Sem aumentar os valores base das remunerações, fixados ainda durante o período da troika, o Ministério da Saúde deve optar por atribuir suplementos a milhares de médicos, condicionados ao cumprimentos de objetivos e ao desempenho, fazendo aumentar o rendimento real dos profissionais e evitando, desta forma, um grande impacto orçamental caso fosse feita uma revisão transversal nas grelhas salariais — uma linha vermelha para o Ministério das Finanças.

“O problema está na incapacidade que o doutor Pizarro [ministro da Saúde] tem demonstrado em fazer sentir ao Ministério das Finanças que há 1,7 milhões de portugueses sem médico de família e longuíssimas listas de espera”, disse, à Lusa, Jorge Roque da Cunha, presidente do SIM, acrescentando que a atualização das grelhas é “a questão de fundo para fixar médicos no SNS”.
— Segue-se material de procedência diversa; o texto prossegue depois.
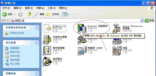 以windowsXP系統(tǒng)為例,安裝好winxpiis5.1xp后,開始——控制面板—— 管理工具——Internet信息服務(wù),如下圖所示:

268 USF passam para o modelo B

Com a transição de 268 Unidades de Saúde Familiares (USF) do modelo A para o B, medida anunciada esta quarta-feira por Manuel Pizarro, o governo consegue um duplo efeito: por um lado, atribui, através do aumento das listas, um médico de família a mais 200 a 250 mil utentes; por outro, promove um aumento salarial nos cerca de 1500 médicos que trabalham atualmente em USF modelo A — e, que ao transitarem para o modelo B, podem contar com um aumento que ronda os 40% no vencimento global mensal, apurou o Observador, para mais de 600o euros brutos.

Neste modelo, os profissionais assumem uma maior responsabilização pelo acesso a cuidados de saúde e pelos resultados em saúde da população, tendo de garantir a resposta a um maior número de utentes e de cumprir as metas de acompanhamento a grávidas e doentes crónicos por exemplo.

Incentivo à dedicação plena e criação de Centros de Responsabilidade Integrada

O Ministério da Saúde prepara também um suplemento (cujo valor ainda se desconhece) para os médicos que aceitarem o regime de dedicação plena. O acesso a este regime vai ser generalizado e terá uma duração superior aos três anos atuais.

A generalização dos Centros de Responsabilidade Integrada é uma das medidas-bandeira da Direção Executiva do SNS, que quer criar, até final de 2024, mais 75 CRI no SNS. Os Centros de Responsabilidade Integrados são estruturas de gestão intermédia, com autonomia funcional e que têm um compromisso de desempenho. Os médicos têm mais responsabilidade e, na mesma lógica das USF modelo B, se cumprirem os objetivos contratualizados com o hospital, recebem um suplemento variável, que resulta num aumento do vencimento entre os 20 e os 30%, apurou o Observador.

No entanto, Roque da Cunha alerta que, enquanto nas USF, “os indicadores de desempenho são simples de verificar, nos hospitais esse tipo de métricas são mais complicadas” de aferir.